In recent weeks Cookie had been “a bit off,” according to Snyder, the zoo’s Curator of Birds. The staff suspected allergies. Then “the first keeper came in Saturday morning and found him at the bottom of his enclosure,” said Snyder. “We got him to the hospital, but there was nothing much we could do.” The difficult call was made to euthanize Cookie.

No decision has yet been made as to the fate of his colorful pink and salmon remains. Typically, animals that die at the Brookfield are buried or cremated. But sometimes extraordinary specimens are preserved, and Cookie the Cockatoo might end up in the Field Museum collection.

“We’re still looking into that,” said Snyder.

Despite his cantankerousness, Cookie was loved. “There’s a lot of mourning in the department that cared for him,” said Snyder. “Cookie has been at the zoo longer than any of us working here.
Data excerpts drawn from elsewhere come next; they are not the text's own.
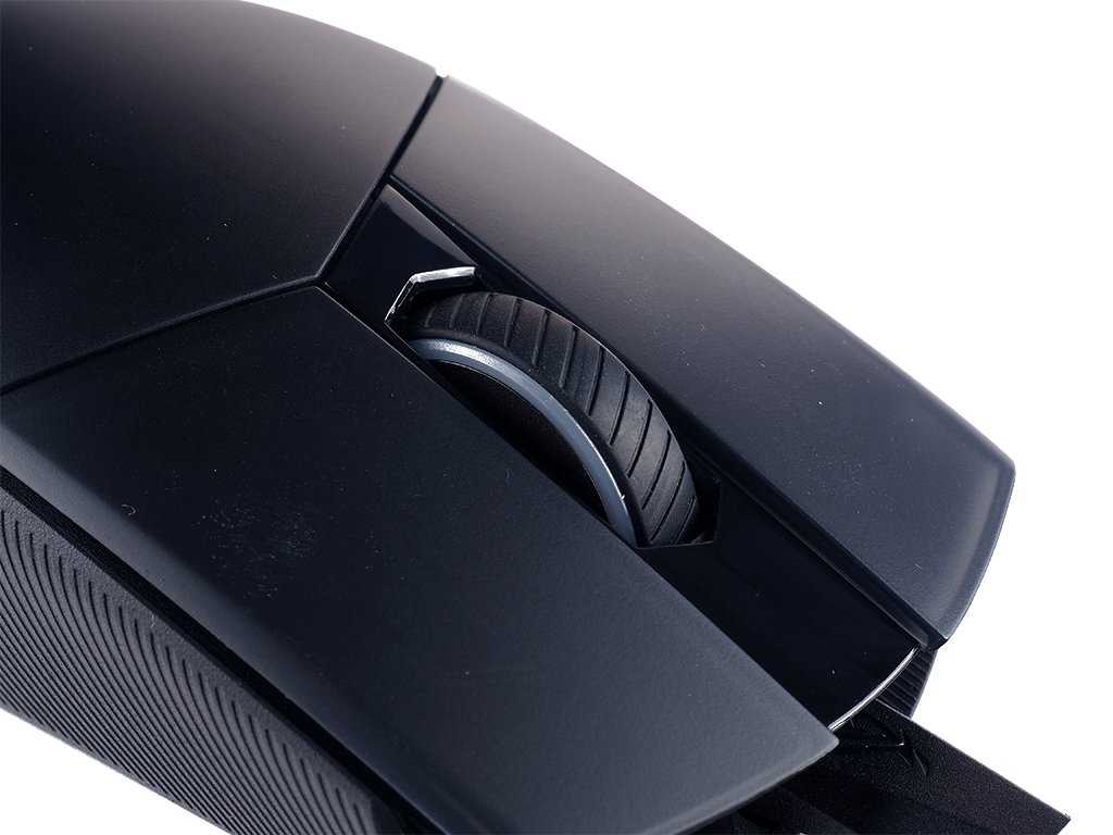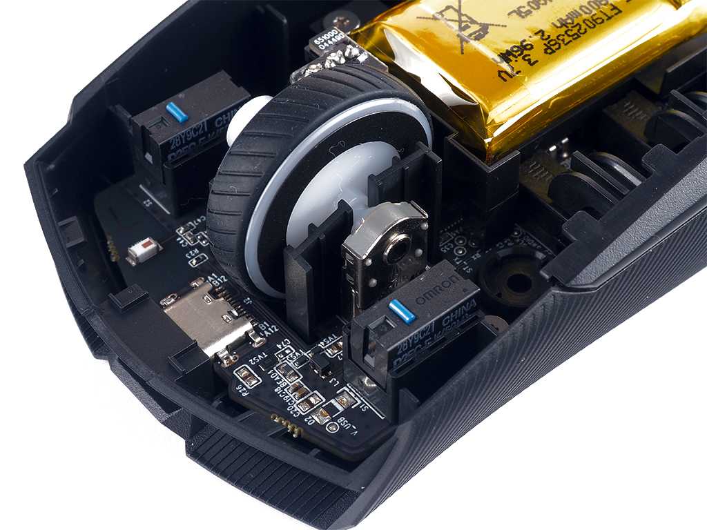 Широкое прорезиненное колесо скроллинга обладает мягким ходом и работает на базе энкодера Kailh 11. Кнопка смены чувствительности находится на нижней части корпуса.
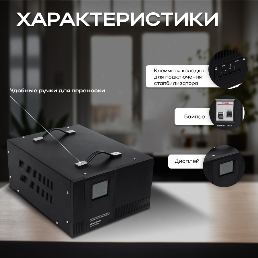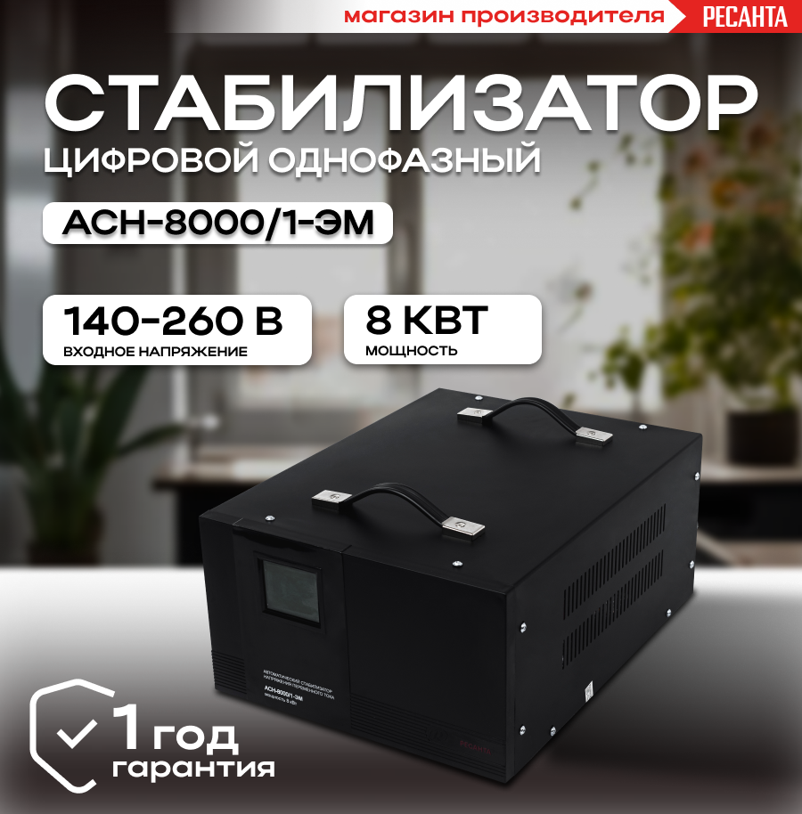 Стабилизатор напряжения однофазный РЕСАНТА ACH-8000/1-ЭМ (8 кВт)
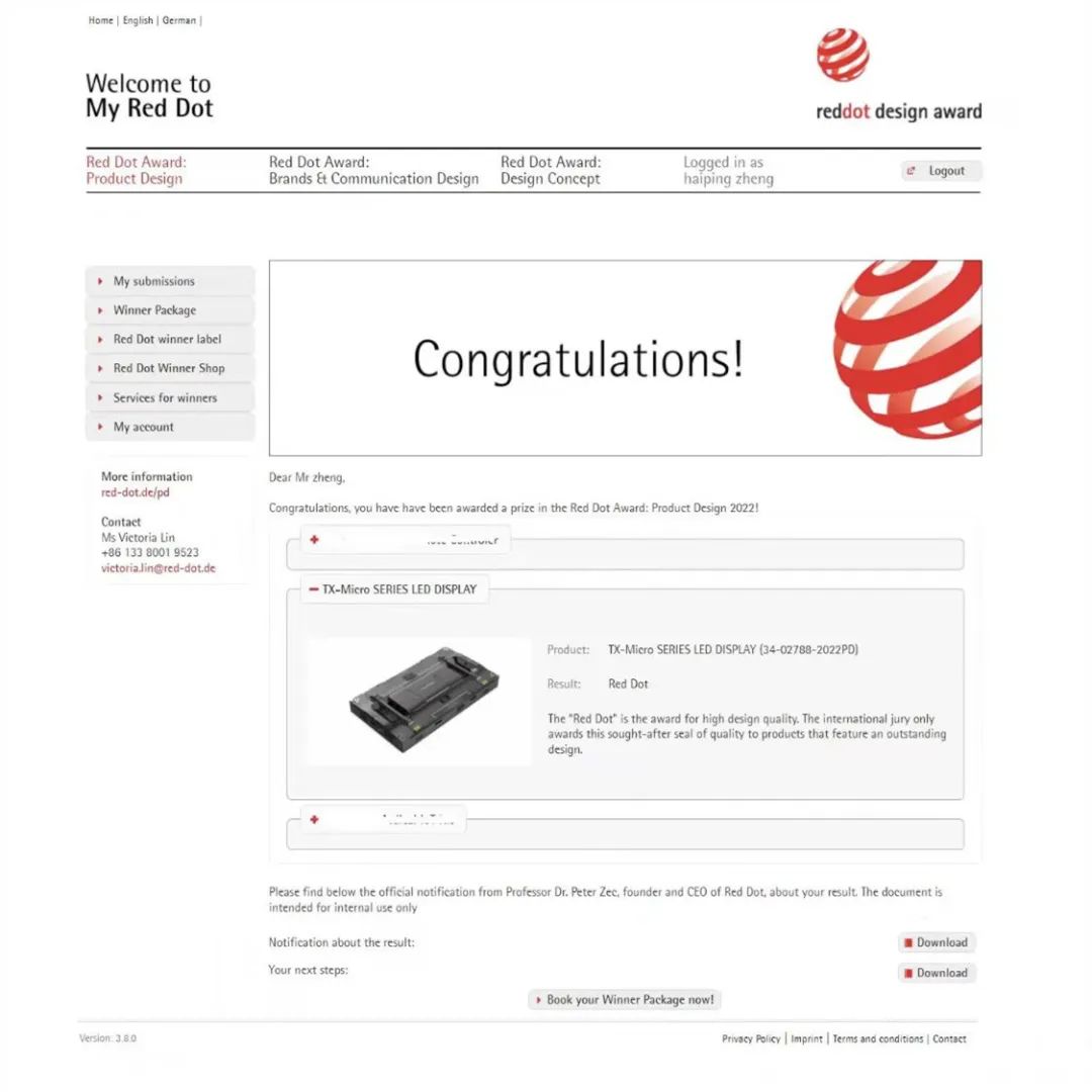 近日,2022年德国红点设计大奖名单公布。利亚德集团TX-Micro系列LED显示屏、TVS系列小间距LED、HKS LED显示屏三款产品同时斩获素有设计界“奥斯卡”之称的红点设计奖。

He’s seen a lot of people through their careers. If he could talk, he would have some amazing stories to tell.”

He actually could talk. Some of his trademark lines were “Peek-a-boo” and “Quit your screaming.” But not the type of talking Snyder was referring to, and lately Cookie only made “cute happy noises,” particularly when he received his daily taboo treat of two peanuts, unsalted, in the shell.